So, for example, a refueling device based on a TZ 22 tanker, designed for refueling aircraft, is known, which contains a tractor, a semi-trailer tank with an integrated fuel pump installation, which includes a GAZ-51 A engine assembly with a gearbox and clutch as a drive (Special vehicles airports. Directory / G.N. Geletukha, V.E. Kanarchuk, V.I. Lychik and others, Edited by V.E. Kanarchuk. - M .: Transport, 1980. S.33-59).
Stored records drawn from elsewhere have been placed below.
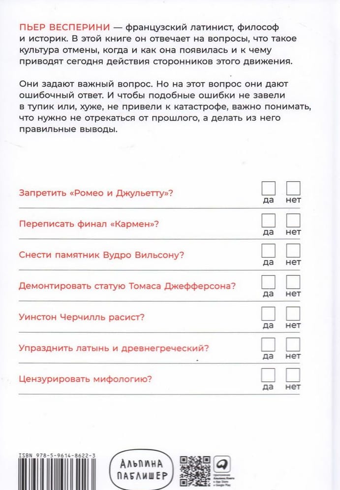 В своей книге французский философ и историк Пьер Весперини показывает, как люди, стремящиеся переписать или стереть неоднозначные моменты прошлого, мешают нам воспринимать уроки истории. Те, кто хочет «отменить» Шекспира, Вудро Вильсона или Черчилля, утверждает Весперини, задают важные вопросы, но не терпят полутонов и зачастую приходят к ошибочным выводам. Его книга поможет читателям лучше понять природу современной социальной дискуссии и сохранить способность критически осмысливать историю, а значит — осознанно формировать будущее.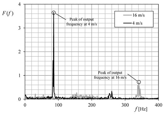 In Figure 16 the Fourier transform of the data recorded from the Anemometer-2 calibration, at 4 and 16 m·s−1 is shown. The peak of the transforms reveals the anemometer’s output frequency that, once correlated to the wind speed, defines the anemometer transfer function (see Figure 17). These calculations were carried out by using GNU Octave.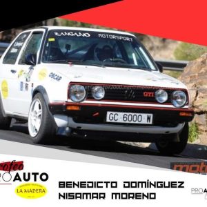 El piloto grancanario Benedicto Domínguez recibió el trofeo que la acredita como ganador de la Copa ProAuto junto a su copiloto Nisamar Moreno en su Volkswagen Golf GTI.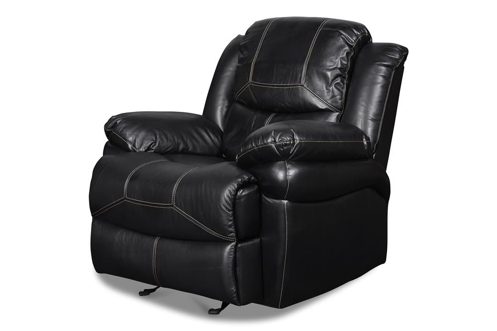 The Flynn motion collection is a stylish and comfortable addition to any living space. The sofa, console loveseat, and glider recliner are all upholstered in a sleek Premier Black performance fabric that is made of 80% polYester and 20% faux leather. The hardwood and plywood frame ensures durability and support, while the sinuous spring "no sag" deck support and 72 pocketed spring cushion provide comfortable seating. The memory foam topper adds an extra layer of comfort, and the polYester fiber fill backs provide added support.For added convenience, the Flynn motion collection a 7 way lighted base, illuminated cupholders, and a task light for reading or other activities. There is also a storage drawer for organizing small items. The recliner is available in both manual and powered footrest options, allowing you to choose the one that best fits your needs.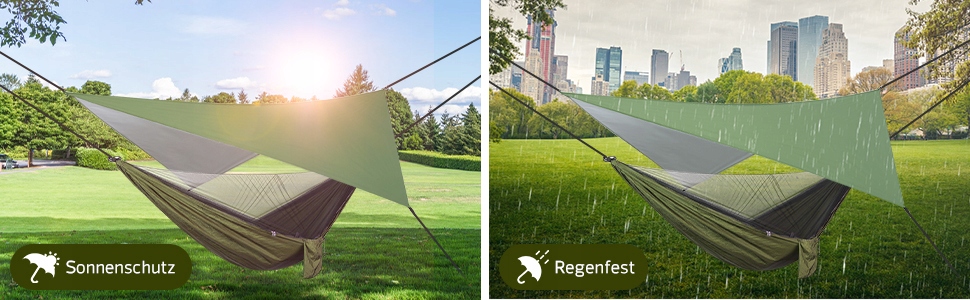 ▶️Тентовый чехол, защита от дождя и ветра: Гамак с тентовым чехлом. Дождевик (размеры по диагонали 310 х 310 см) изготовлен из ткани Оксфорд 400D с водонепроницаемым полиуретановым покрытием толщиной 1500 мм. Покрытие обеспечивает защиту от дождя и ветра. Легкий, водонепроницаемый, простой в сборке.

The specified device is a fuel tank (tank) rigidly interconnected and integrated on the same tanker’s chassis with a dispenser integrated in the housing. However, the well-known tanker has low performance, in particular, the inability to simultaneously refuel more than one aircraft, high fire hazard, and the difficulty of controlling hose reels requiring significant physical effort from the operator.
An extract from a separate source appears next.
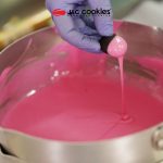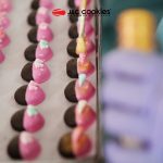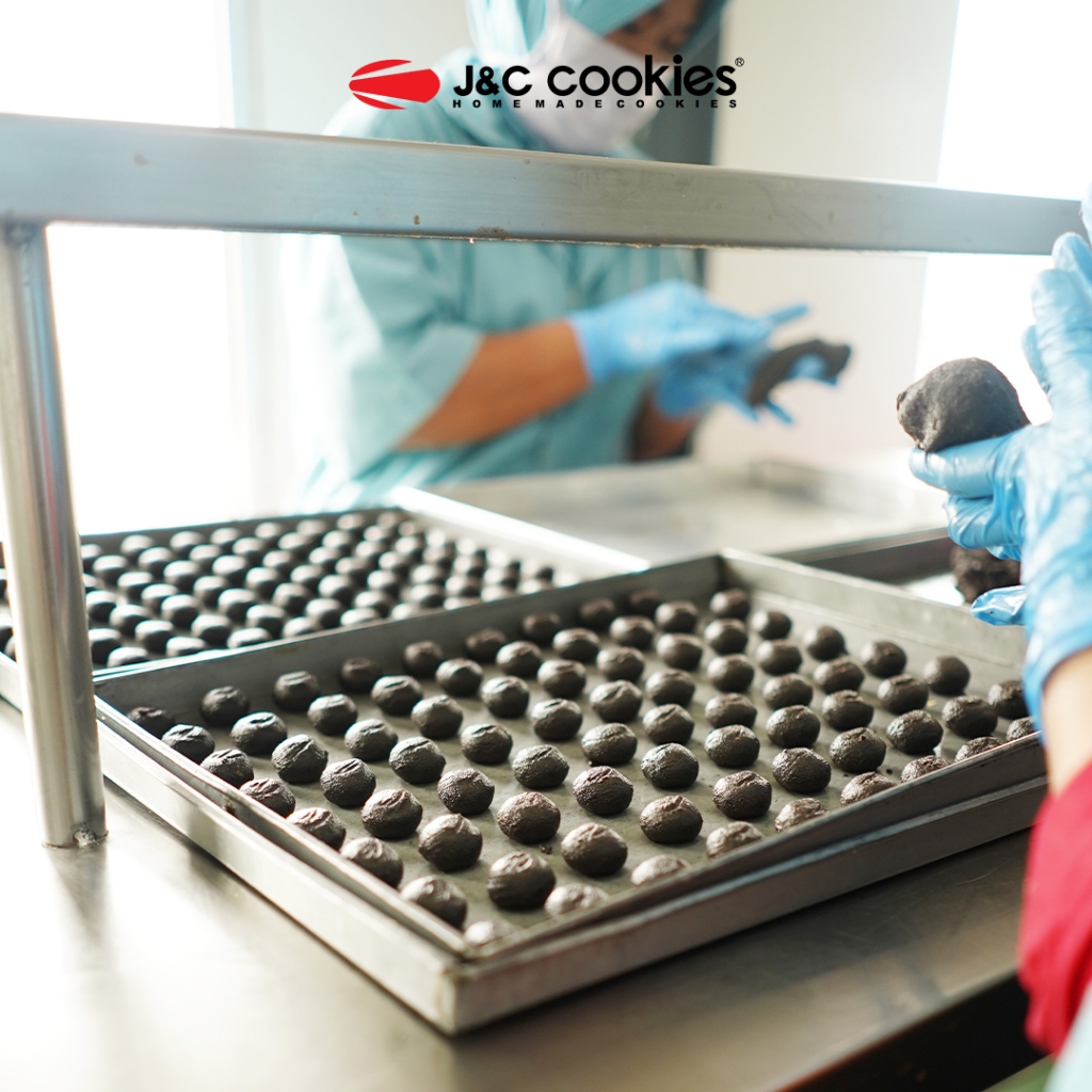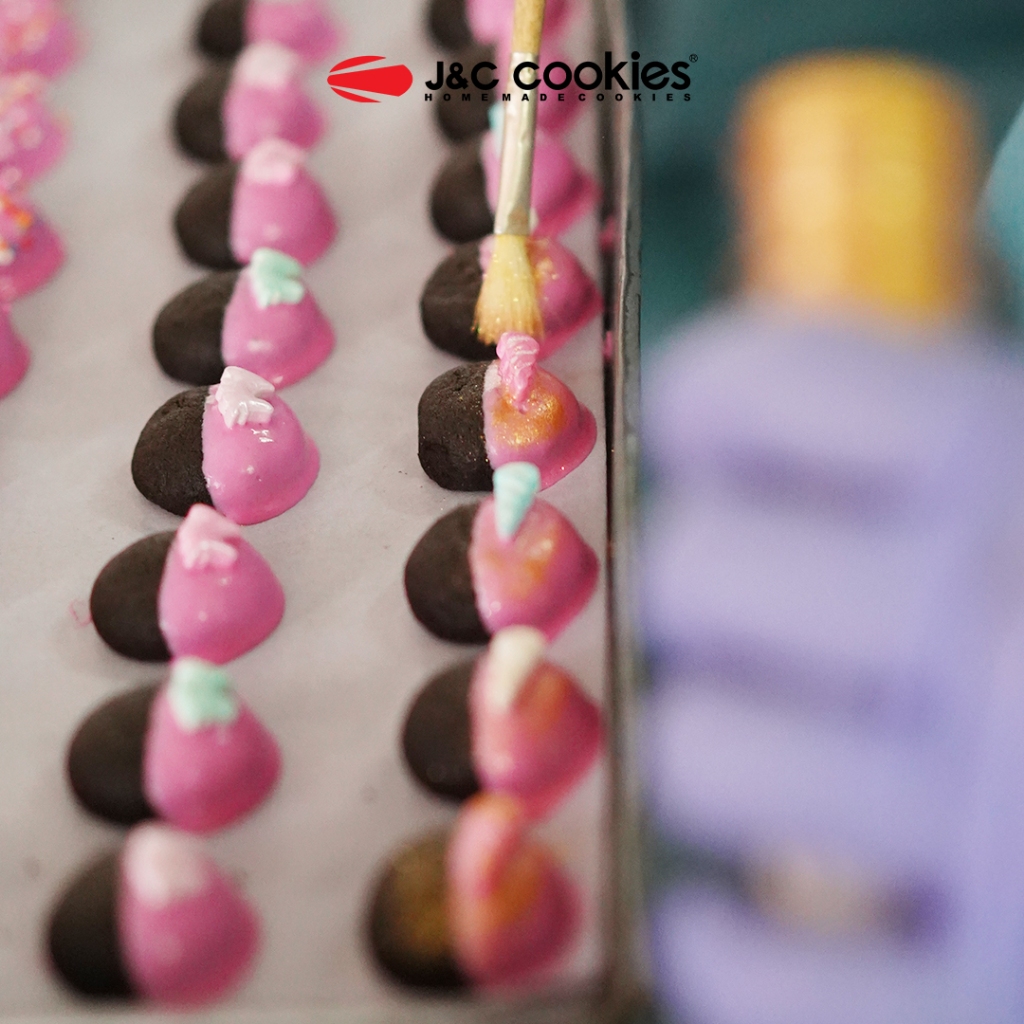 Kue kering coklat dengan campuran cherry dan emping jagung dalam adonan diberi toping coklat strawberry dan taburan permen dengan karakteristik berwarna hitam kecoklatan, beraroma normal (coklat strawberry), rasa normal (manis) dan bertekstur renyah sedikit chewy.

A known tanker containing a truck tractor with an engine, a semi-trailer tank and a pump unit with a drive (SU, auth. St. N 201127, 64 F 1/28, 1967).

A disadvantage of the known refueling machine is that in it the drive of the pumping unit is an internal combustion engine, which is a source of increased fire hazard when refueling aircraft. In addition, the power and control system of such an engine has a complex structure and takes up a lot of space.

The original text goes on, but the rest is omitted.